:: GIVEN INFORMATION ::
-*-*-

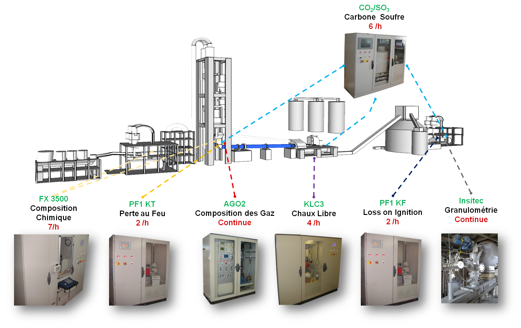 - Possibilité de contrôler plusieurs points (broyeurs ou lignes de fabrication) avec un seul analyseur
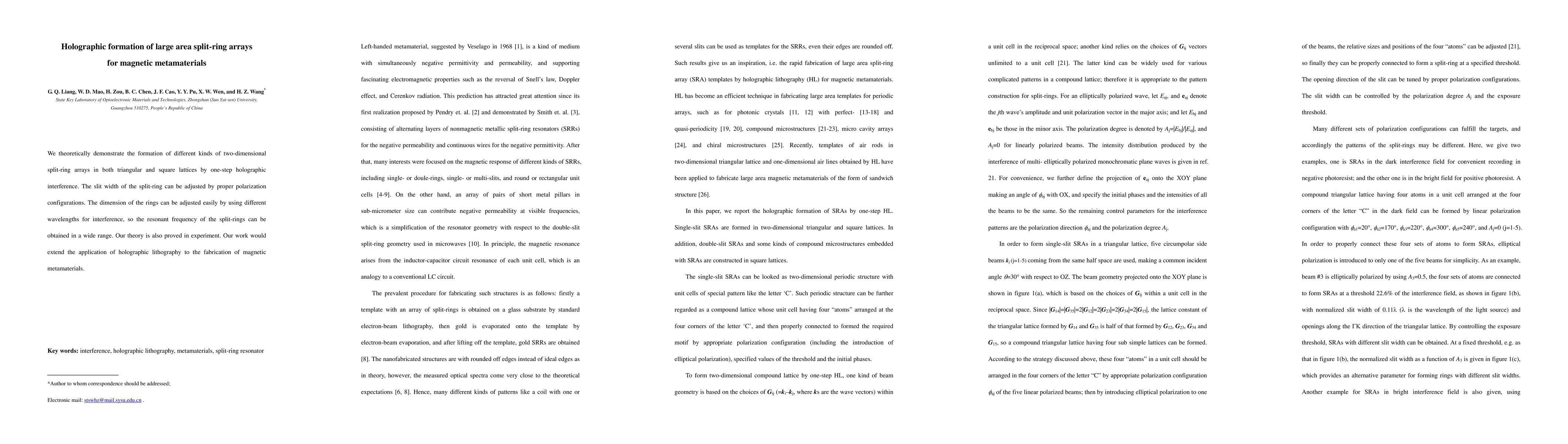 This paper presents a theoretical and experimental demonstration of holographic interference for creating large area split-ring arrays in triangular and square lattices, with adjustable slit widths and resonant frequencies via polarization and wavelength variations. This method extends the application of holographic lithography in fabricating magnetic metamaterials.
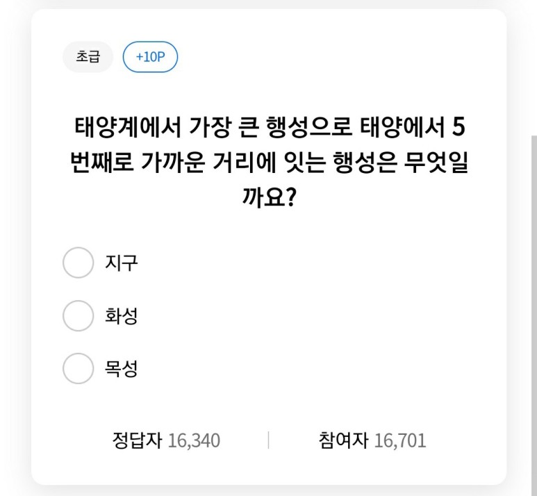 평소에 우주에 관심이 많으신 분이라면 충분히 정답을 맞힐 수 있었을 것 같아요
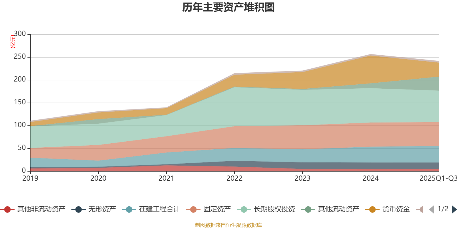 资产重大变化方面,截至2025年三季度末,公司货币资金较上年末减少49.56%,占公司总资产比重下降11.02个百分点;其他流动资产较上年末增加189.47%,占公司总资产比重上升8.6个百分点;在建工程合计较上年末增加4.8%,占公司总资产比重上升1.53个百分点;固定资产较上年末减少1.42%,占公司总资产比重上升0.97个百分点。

-*-*-

:: WORK INSTRUCTIONS ::
Every line of the data above is to be set down exactly; the pictures are not.

:: ANSWER SPACE ::
 - Possibilité de contrôler plusieurs points (broyeurs ou lignes de fabrication) avec un seul analyseur
 This paper presents a theoretical and experimental demonstration of holographic interference for creating large area split-ring arrays in triangular and square lattices, with adjustable slit widths and resonant frequencies via polarization and wavelength variations. This method extends the application of holographic lithography in fabricating magnetic metamaterials.
 평소에 우주에 관심이 많으신 분이라면 충분히 정답을 맞힐 수 있었을 것 같아요
 资产重大变化方面,截至2025年三季度末,公司货币资金较上年末减少49.56%,占公司总资产比重下降11.02个百分点;其他流动资产较上年末增加189.47%,占公司总资产比重上升8.6个百分点;在建工程合计较上年末增加4.8%,占公司总资产比重上升1.53个百分点;固定资产较上年末减少1.42%,占公司总资产比重上升0.97个百分点。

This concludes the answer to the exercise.